Got barraged by hello messages on OkCupid today. Not at all certain why. Have responded to some lately, but then there was one from a guy in India! That's probably not going to work out.
missizzy: (Default)
Both days of this last weekend were spent with Wimbledon in the morning. Was pleased to see Serena win Saturday, especially when she then left Centre Court balancing the Venus Rosewater Dish on her head! I'm sure a lot of the snobs at the All-England Club didn't like that at all, which just makes it all the more delightful. Less happy about Djokovic winning the men's title, or rather, about Roger Federer losing it. It's starting to feel like his final slam count is going to be the current 17.
Saturday afternoon, meanwhile, I was having ordinary enough a day, debating with myself whether or not to join my mother and her autistic friend Vivian to go see the fireworks set up in honor of my city's birthday that evening, when suddenly around 3:30 the power randomly went out. Apparently a lot of people lost power in Northern Virginia, even when the weather was perfect; something must have malfunctioned. So around six we went out to Noodles & Company for dinner, and then together picked up Vivian and went to the orchestra concert & fireworks. They were held in a park by the Potomac, where the crowd was a bit much, but the orchestra did a terrific job, mostly playing movie sountracks which I identified for my elders' benefit, culminating around 9:30 with the 1812 overture, with a cannon present on the far side of the park to fire, and then the fireworks started at the appropriate time during the finale. They played throughout the entire thing, mostly John Williams, Aaron Copland's Fanfare for the Common Man, and Stars and Stripes Forever, making for a great show. The drive home afterwards was so long my phone battery ran dangerously low, but thankfully when we got home the power was back; it had come back within ten minutes of mom and my fleeing the house!
Yesterday we went to Wolf Trap to see The Ghosts of Versailles. Since it was an adaptation of the third play in Pierre Beaumarchais' Figaro trilogy, which contains the two plays adapted into The Marriage of Figaro and The Barber of Seville I was very curious about it. Unfortunately, it was an insult to the memory of Beaumarchais, not only losing all his radical politics but in fact reversing them to worship Marie Antoinette and wrecking his story and characters. It was incoherent as an opera too. Should've gone with my autistic social group instead.
missizzy: (Default)
Have downloaded Sony Vegas for the second time, and currently on a trial run. Trying to recreate(more or less) the Brian Joubert montage I created in Windows Movie Maker, although this is made harder by the latter program crashing. If I succeed and it saves to a usable movie file, I'll shell out the money and make it my permanent video editor. Except I think I may in fact still be on the trial run that started with my first attempt at downloaded it weeks ago, which means I have to do this pretty fast. I really want to be sure it saves to movie file before I pay.

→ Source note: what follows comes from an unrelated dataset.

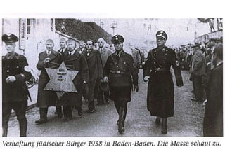 Das Dokument behandelt das NS-Wirtschaftswunder und die Ausgrenzung sowie Verfolgung der jüdischen Bevölkerung während der Nazi-Zeit, einschließlich der Kristallnacht. Es beschreibt auch das Münchner Abkommen von 1938, das zur Abtretung sudetendeutscher Gebiete an Deutschland führte, unter dem Vorwand, einen Krieg zu vermeiden, obwohl Hitler weiterhin territoriale Ansprüche geltend machte. Zudem wird auf die Allianz zwischen Deutschland und der Sowjetunion eingegangen.
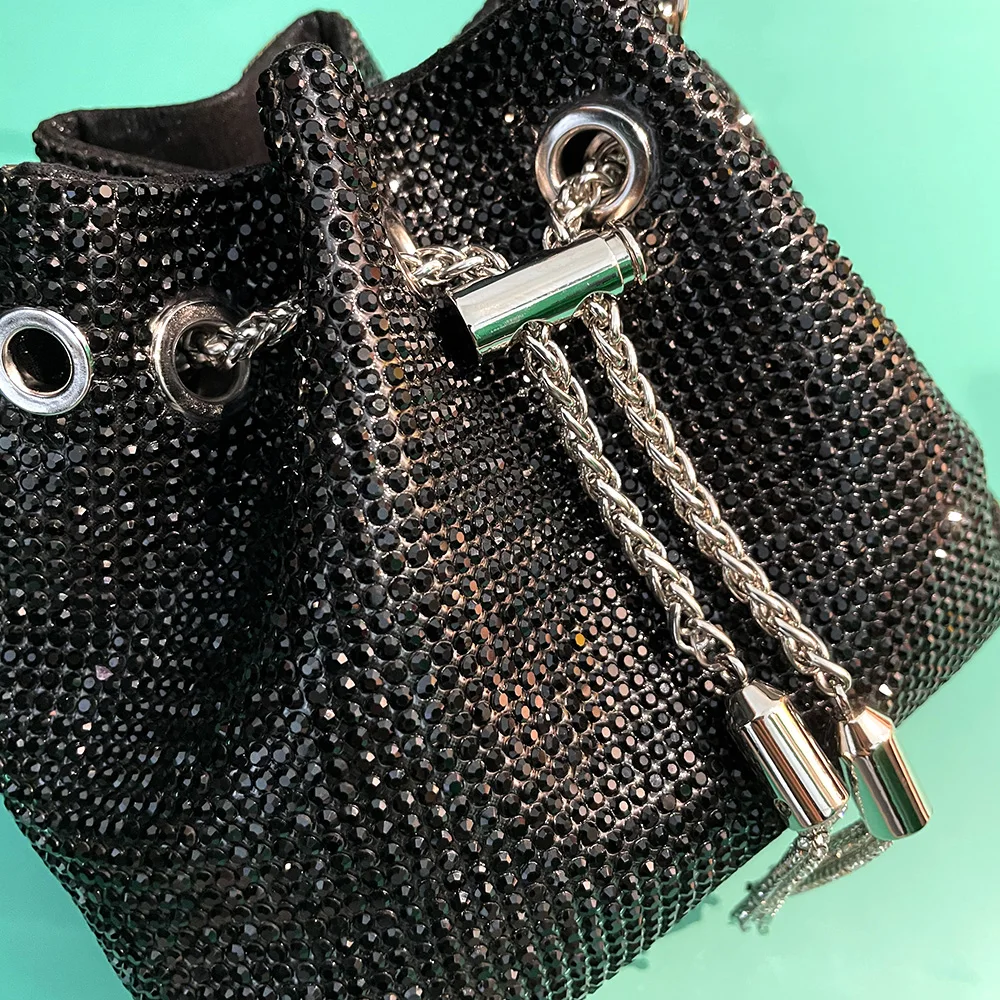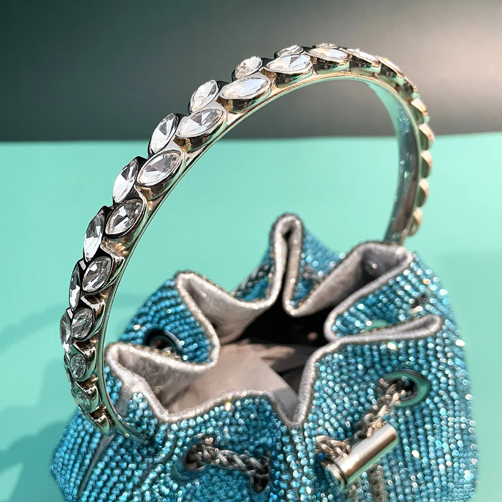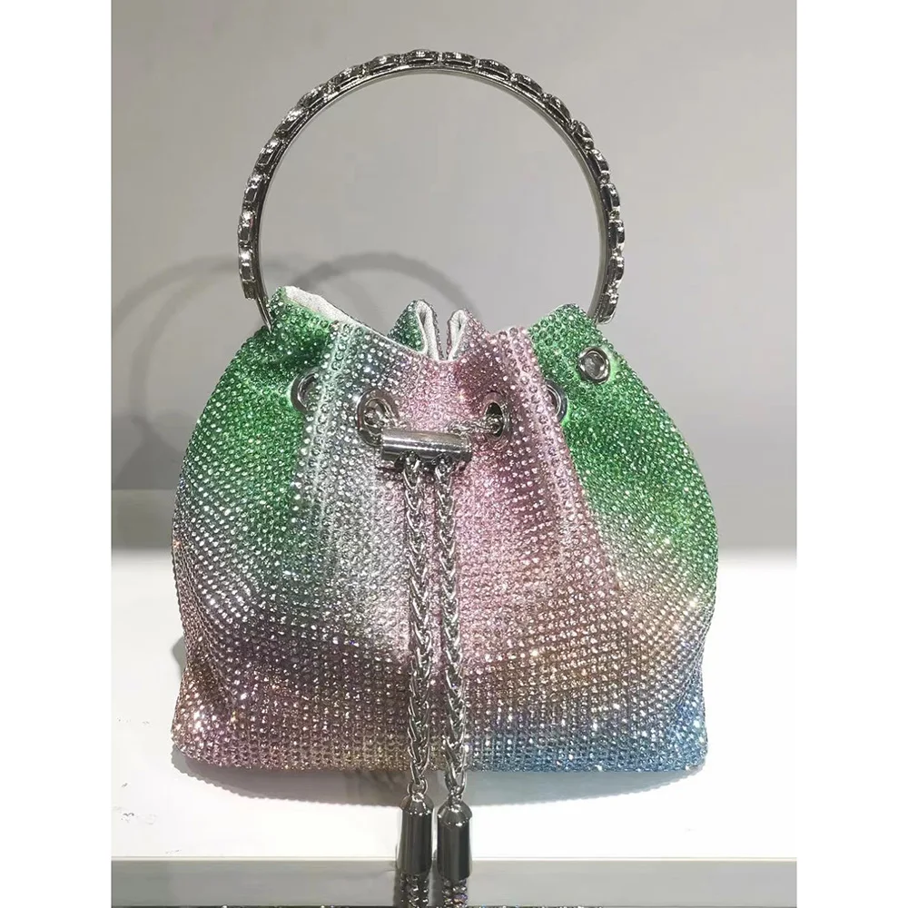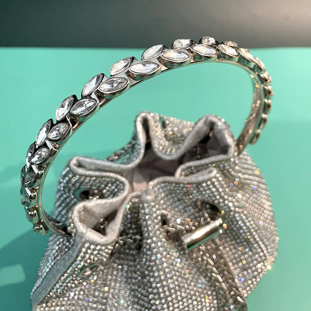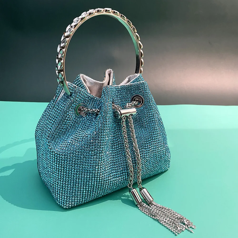 搶先評價 “頂部手柄水鑽晚裝手拿包女包錢包水桶女士手提包奢華設計師鑽石單肩閃亮水晶”

Although a comment from a vidder on my Twitter feed that she thinks most vidders are using it nowadays is encouraging, at least.

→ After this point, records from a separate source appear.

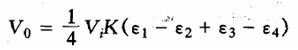 如四個應變計規格相同,即R1=R2=R3=R4,應變計靈敏系數K1=K2=K3=K4=K,則有
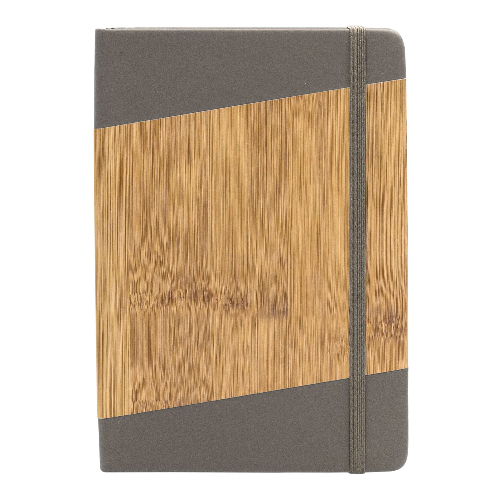 21 x 14 cm. (A5). PU + Papel. Libreta. Tapa dura recubierta en poliuretano, con estampado simil bambú. Interior 80 hojas rayadas en papel de 70 g. Cinta señaladora y cierre con banda elástica del mismo color.
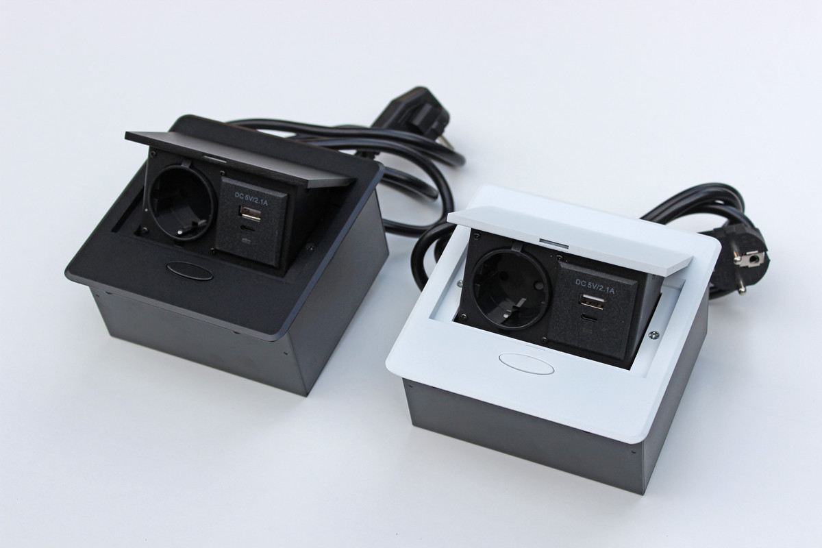Удлинитель розетки 1R+USB+Type-C белый предназначен для столов для переговоров, обычных офисных столов и других поверхностей, где необходимо вывести розетку и зарядку телефона. Блок открывается нажатием кнопки, после чего розетка плавно открывается. Это отличное решение для письменного стола, стола для переговоров или кухни.
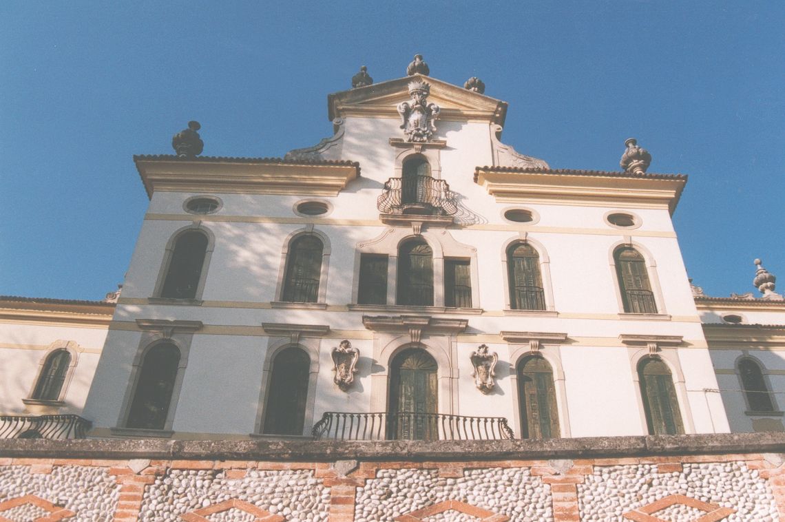 - Descrizione: La parte centrale del corpo padronale termina con un timpano modanato raccordato con volute e con i vertici segnati da pinnacoli in pietra a forma di vaso.
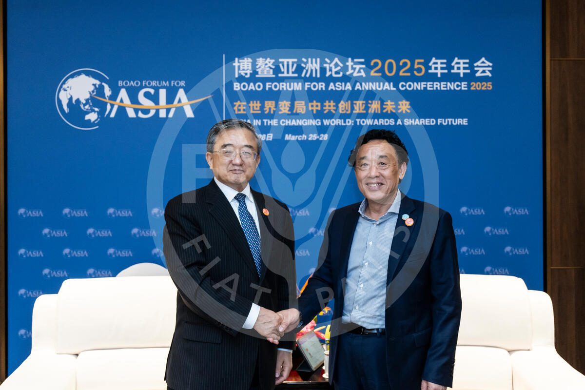 26 March 2026, Bo’ao, China. FAO Director-General QU Dongyu (R) shakes hands with China Special Envoy on Climate Change LIU Zhenmin during a bilateral meeting at the Bo’ao Forum for Asia 2025

Thursday night was an interesting adventure. Initially my sister and I believed our show to be in Shirlington, and I found a bus that went there directly from the Pentagon, so we met there and dined in the revamped version of the Chinese restaurant that was once our go-to place for Christmas. Then we discovered the venue had moved to Crystal City. Good thing curtain wasn't until eight! We got there, was lucky in parking, met up with a pair of her friends who were also attending the show, and with rain starting to fall were glad the new location was in Crystal City's underground level, and could be walked to in the tunnels.

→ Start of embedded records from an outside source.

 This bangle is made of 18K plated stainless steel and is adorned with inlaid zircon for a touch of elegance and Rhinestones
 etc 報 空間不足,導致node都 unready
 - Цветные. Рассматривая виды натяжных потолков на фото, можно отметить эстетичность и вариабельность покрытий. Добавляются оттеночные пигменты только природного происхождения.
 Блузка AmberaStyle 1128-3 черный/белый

The show was entertaining. The Acro-cats are a group of cats owned by one woman who trained them using a clicking device and a *lot* of treats to do things like jump through hoops and balance on balls, as well as a couple of tricks that were truly spectacular. That is, when the cats felt like doing them. Occasionally they preferred to wander off the stage or sit on the footlights. Which was when the show was at its most entertaining; we all laughed out heads off. Photos were allowed throughout the show, and at the end we were invited on stage to take more photos and pet the one cat that didn't mind being petted by strangers.
We got out with the rain mild, and my sister agreed to give everyone rides home. En route the deluge hit. We noted as we got on Jefferson Davis Highway that the name of said road really needed to be changed, but by the time we got off it had-to Jefferson Davis River. It was a slow trip home, though thankfully things lightened up *slightly* before it was time to drop me off, so I avoided getting *totally* drenched.
Still raining today, with varying levels of intensity. Good day for staying in and vidding. At least when I next feel like dealing with my current two video editors.
missizzy: (moulinrouge)
Ironically, back when we first saw The Death of Klinghoffer, the controversial opera on the 1985 hijacking of an Italian ship by four young Palestinian men and their murder of an elderly disabled Jewish American man who’d had nothing to do with Israel, on the Met’s HD broadcast schedule, my family wasn’t sure we’d even bother with it. We’d seen Nixon in China and thought it all very well(although the clash of the real and surreal made it a bit odd as an opera), except that the dissonance-based score was headache-inducing. But when certain people bullied the Met into taking it off the schedule, and my mom and I decided to weekend in New York, we decided what the hell, go see in person the opera certain people were trying to keep from us, and even booked our seats for the matinee show yesterday which would’ve been the transmitted performance, and instead ultimately became the final one. So I have now seen the Met in person, discovered while box seats have their fun points they all have their disadvantage when it comes to the angles, and discovered that between his freshman and his sophomore work, John Adams showed himself to have a very definite modus operandi, and also as a pure composer reached a whole new level of achievement. Also, even though I felt a headache coming on moments before curtain, between when the music started and the curtain call I noticed no pain at all-though that might have simply been how absorbing the opera was.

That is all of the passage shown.